**INSTRUCTIONS TO FOLLOW:**
When you copy from the entries that follow, take only the lines from the one with "Мужской лонгслив базовый / Хэллоуин Кот" down to the one with "Details • Size", keeping both ends and dropping every picture.

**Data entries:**

[Start of section]

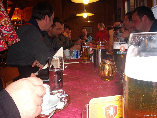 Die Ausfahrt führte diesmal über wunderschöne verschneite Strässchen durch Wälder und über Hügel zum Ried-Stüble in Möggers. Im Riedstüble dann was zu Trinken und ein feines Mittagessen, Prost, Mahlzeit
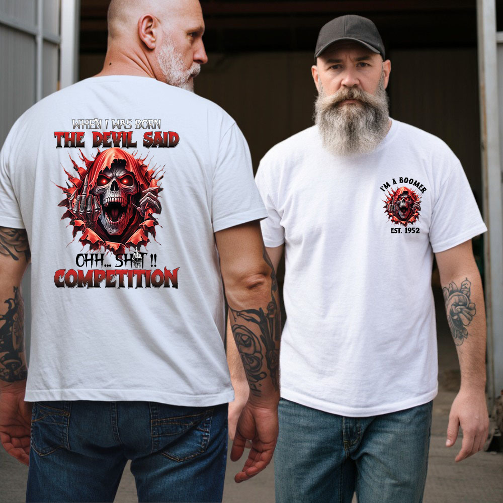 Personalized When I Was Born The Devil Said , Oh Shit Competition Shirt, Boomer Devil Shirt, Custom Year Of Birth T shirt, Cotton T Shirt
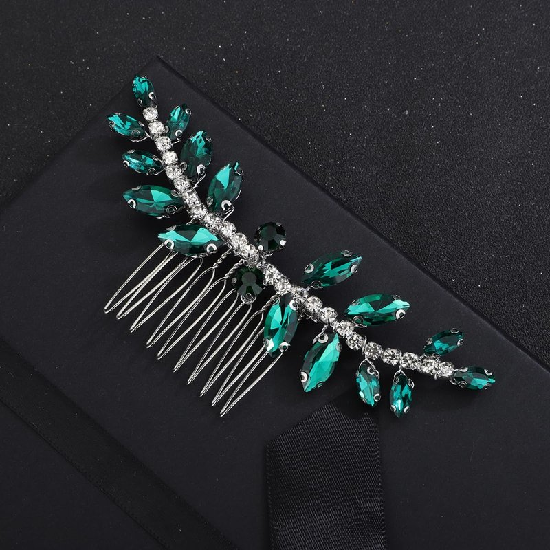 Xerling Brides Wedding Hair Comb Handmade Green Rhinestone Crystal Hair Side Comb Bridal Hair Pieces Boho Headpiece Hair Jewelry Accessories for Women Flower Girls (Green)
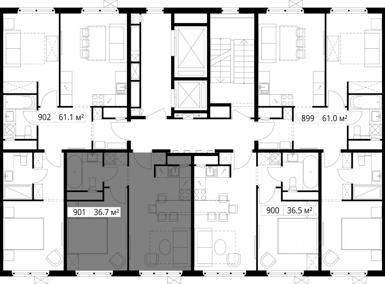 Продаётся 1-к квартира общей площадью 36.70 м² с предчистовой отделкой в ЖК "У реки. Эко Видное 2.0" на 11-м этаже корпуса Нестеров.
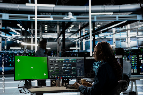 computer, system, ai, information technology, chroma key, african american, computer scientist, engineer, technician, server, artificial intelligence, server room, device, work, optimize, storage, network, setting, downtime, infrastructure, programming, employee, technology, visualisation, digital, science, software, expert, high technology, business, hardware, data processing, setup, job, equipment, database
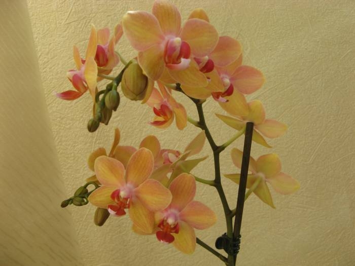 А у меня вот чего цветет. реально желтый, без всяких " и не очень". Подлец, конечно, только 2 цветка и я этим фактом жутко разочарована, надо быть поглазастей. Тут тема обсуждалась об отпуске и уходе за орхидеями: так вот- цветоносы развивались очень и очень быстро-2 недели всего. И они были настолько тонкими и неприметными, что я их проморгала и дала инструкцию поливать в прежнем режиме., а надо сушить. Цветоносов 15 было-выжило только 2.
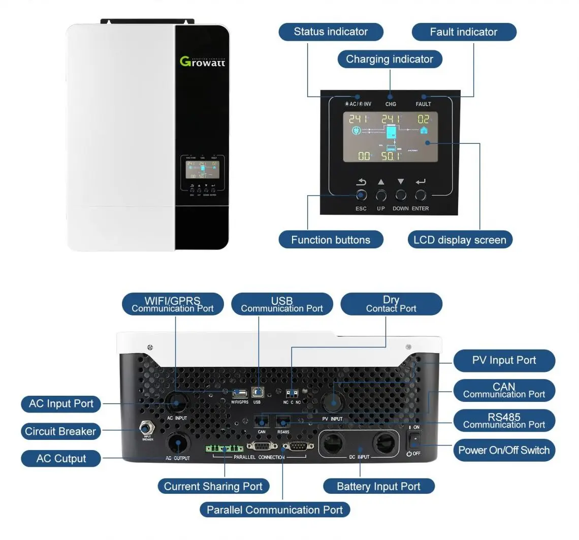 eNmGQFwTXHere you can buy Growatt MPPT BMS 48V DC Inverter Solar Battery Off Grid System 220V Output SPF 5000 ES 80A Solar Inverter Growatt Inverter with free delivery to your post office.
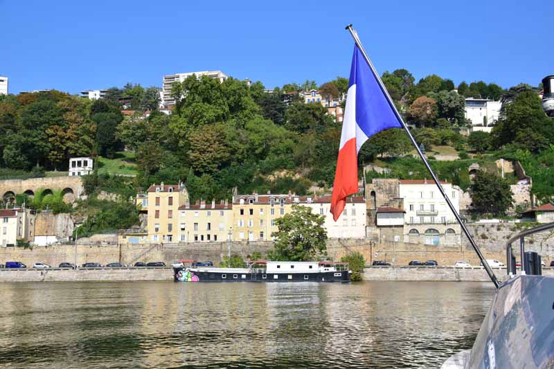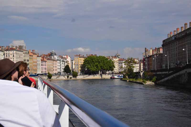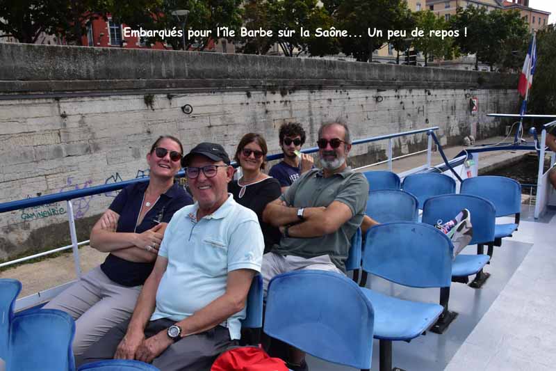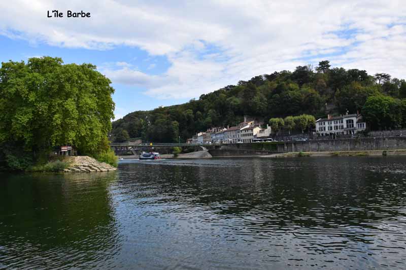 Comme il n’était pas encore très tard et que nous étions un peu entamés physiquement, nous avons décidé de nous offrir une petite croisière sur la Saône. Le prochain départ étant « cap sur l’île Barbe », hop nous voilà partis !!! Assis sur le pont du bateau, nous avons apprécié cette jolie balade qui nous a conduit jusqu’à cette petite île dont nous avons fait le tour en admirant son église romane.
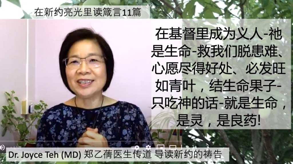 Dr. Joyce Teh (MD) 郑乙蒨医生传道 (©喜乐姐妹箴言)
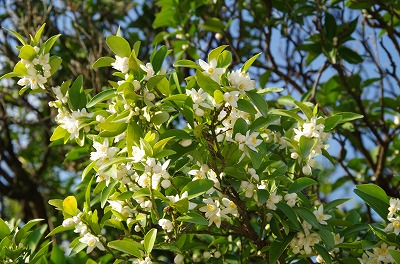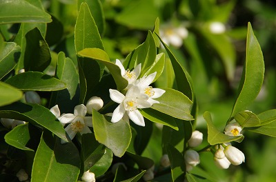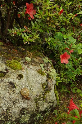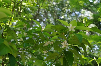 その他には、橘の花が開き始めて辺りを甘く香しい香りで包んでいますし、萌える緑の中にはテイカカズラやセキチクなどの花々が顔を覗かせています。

[End of section]
[Start of section]

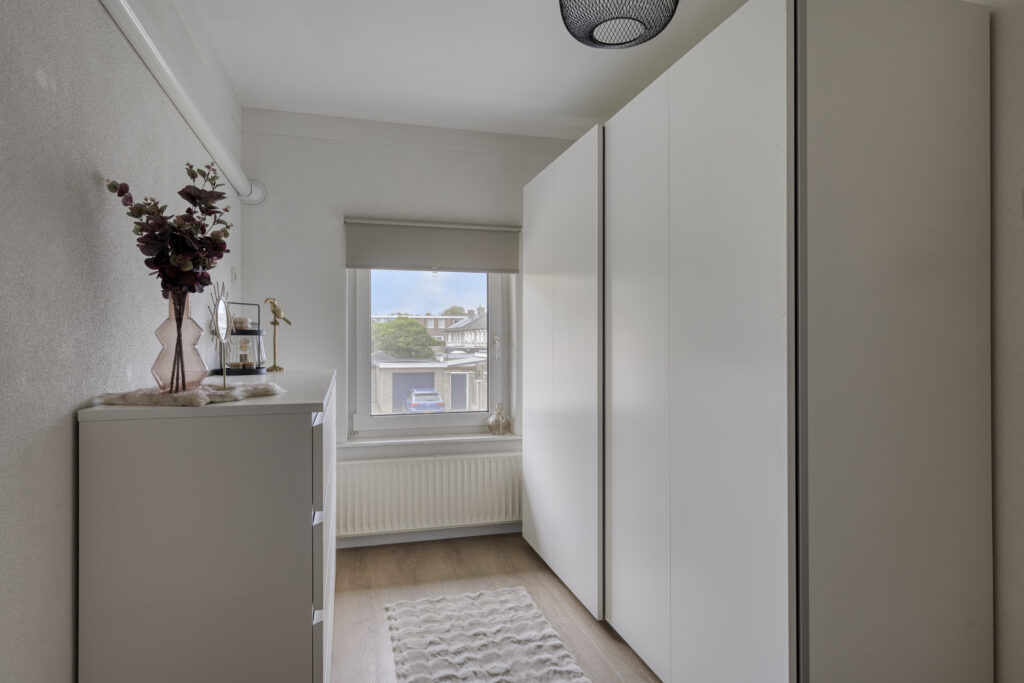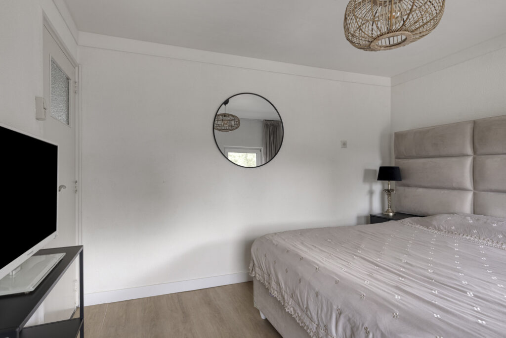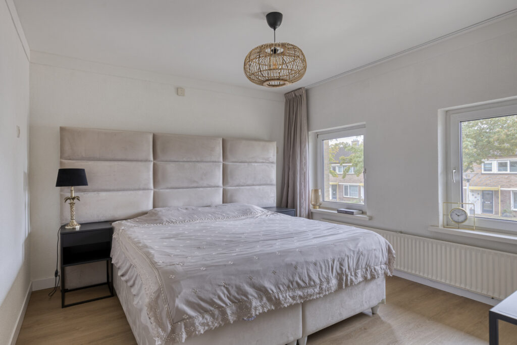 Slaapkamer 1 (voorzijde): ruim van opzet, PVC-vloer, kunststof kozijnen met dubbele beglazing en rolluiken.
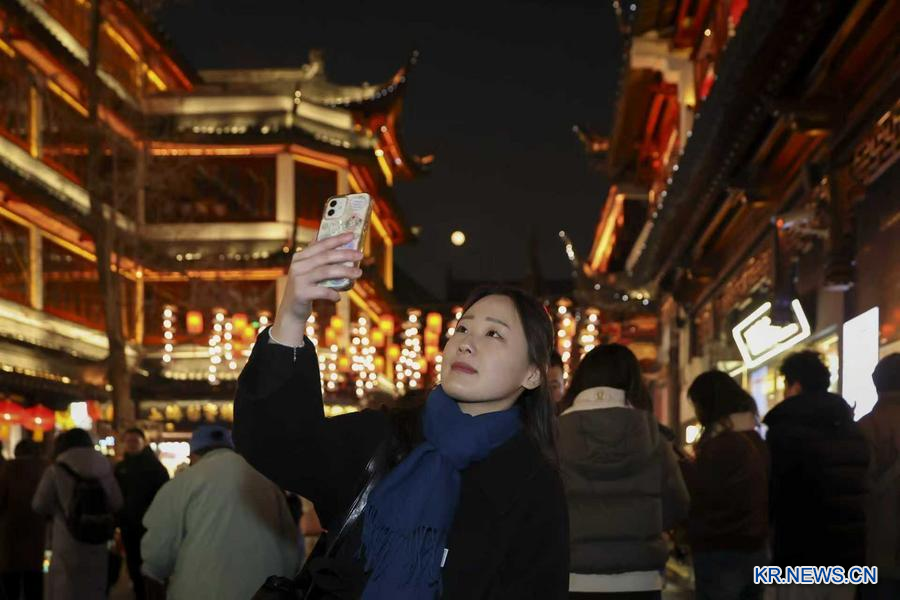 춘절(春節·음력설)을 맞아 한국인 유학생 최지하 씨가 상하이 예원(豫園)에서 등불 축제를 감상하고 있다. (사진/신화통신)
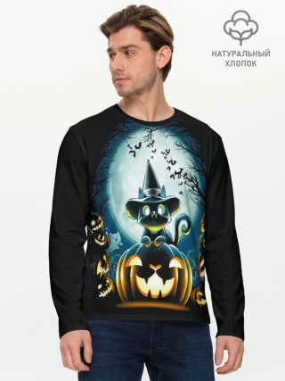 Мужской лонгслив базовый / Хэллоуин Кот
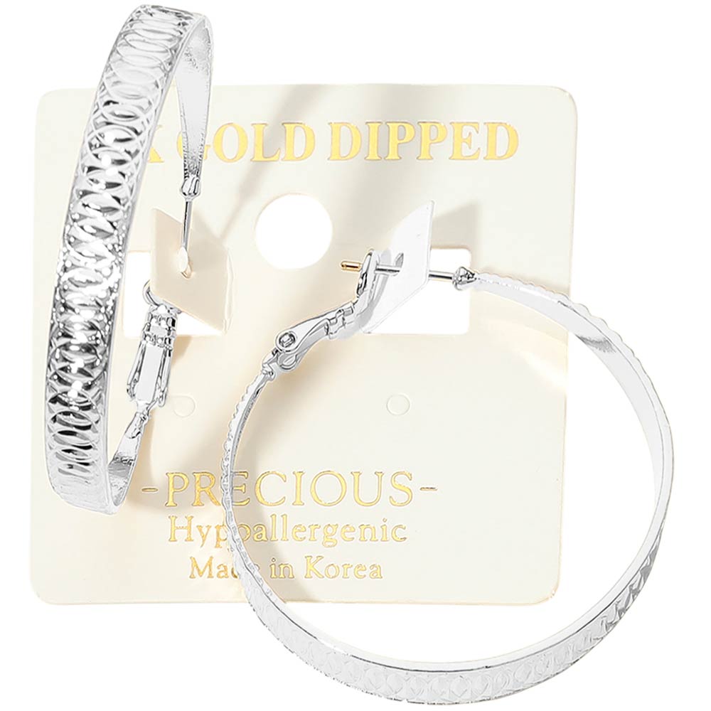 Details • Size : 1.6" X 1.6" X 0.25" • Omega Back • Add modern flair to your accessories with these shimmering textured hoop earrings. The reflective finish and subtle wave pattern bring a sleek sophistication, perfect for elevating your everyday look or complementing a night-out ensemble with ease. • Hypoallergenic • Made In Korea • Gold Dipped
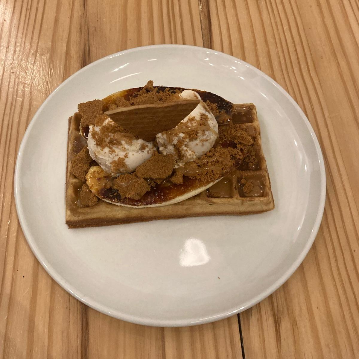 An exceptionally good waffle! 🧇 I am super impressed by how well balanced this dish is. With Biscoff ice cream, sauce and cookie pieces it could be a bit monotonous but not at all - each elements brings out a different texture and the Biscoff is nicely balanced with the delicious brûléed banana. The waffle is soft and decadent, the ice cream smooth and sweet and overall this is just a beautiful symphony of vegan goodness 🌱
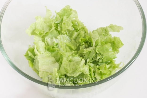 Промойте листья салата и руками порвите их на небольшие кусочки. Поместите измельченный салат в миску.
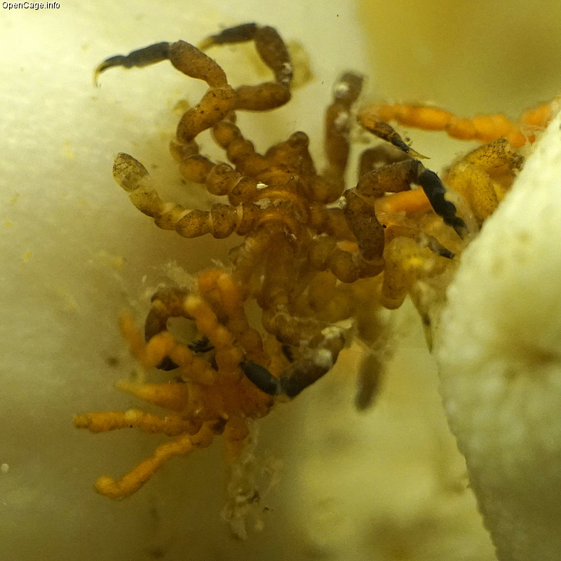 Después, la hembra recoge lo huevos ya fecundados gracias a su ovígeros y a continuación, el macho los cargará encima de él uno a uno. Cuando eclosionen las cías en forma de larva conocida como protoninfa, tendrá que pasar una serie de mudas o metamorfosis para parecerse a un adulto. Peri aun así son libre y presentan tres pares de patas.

[End of section]
[Start of section]

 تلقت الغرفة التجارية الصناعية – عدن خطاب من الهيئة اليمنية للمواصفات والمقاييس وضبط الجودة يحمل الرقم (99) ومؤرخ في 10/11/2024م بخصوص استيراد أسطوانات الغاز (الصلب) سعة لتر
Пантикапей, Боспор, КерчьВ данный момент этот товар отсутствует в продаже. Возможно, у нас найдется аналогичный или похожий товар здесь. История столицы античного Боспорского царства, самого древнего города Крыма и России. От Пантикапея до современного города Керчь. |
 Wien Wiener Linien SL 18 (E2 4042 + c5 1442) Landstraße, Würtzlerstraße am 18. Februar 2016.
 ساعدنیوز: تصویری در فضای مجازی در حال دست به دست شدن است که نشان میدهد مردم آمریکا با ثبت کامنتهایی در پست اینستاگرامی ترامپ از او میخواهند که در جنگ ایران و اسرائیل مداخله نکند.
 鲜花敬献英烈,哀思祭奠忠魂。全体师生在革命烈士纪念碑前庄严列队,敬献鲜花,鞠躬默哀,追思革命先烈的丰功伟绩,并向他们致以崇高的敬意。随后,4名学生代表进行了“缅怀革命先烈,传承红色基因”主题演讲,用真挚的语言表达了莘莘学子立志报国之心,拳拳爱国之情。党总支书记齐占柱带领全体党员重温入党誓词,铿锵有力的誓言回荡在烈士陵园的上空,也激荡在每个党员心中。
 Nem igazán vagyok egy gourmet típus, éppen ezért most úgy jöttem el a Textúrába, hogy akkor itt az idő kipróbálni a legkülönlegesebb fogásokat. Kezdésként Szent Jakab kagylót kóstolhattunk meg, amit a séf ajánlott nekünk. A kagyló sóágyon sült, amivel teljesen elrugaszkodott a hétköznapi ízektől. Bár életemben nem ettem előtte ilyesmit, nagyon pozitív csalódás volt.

[End of section]

**WORKED SOLUTION:**
 Мужской лонгслив базовый / Хэллоуин Кот
 Details • Size : 1.6" X 1.6" X 0.25" • Omega Back • Add modern flair to your accessories with these shimmering textured hoop earrings. The reflective finish and subtle wave pattern bring a sleek sophistication, perfect for elevating your everyday look or complementing a night-out ensemble with ease. • Hypoallergenic • Made In Korea • Gold Dipped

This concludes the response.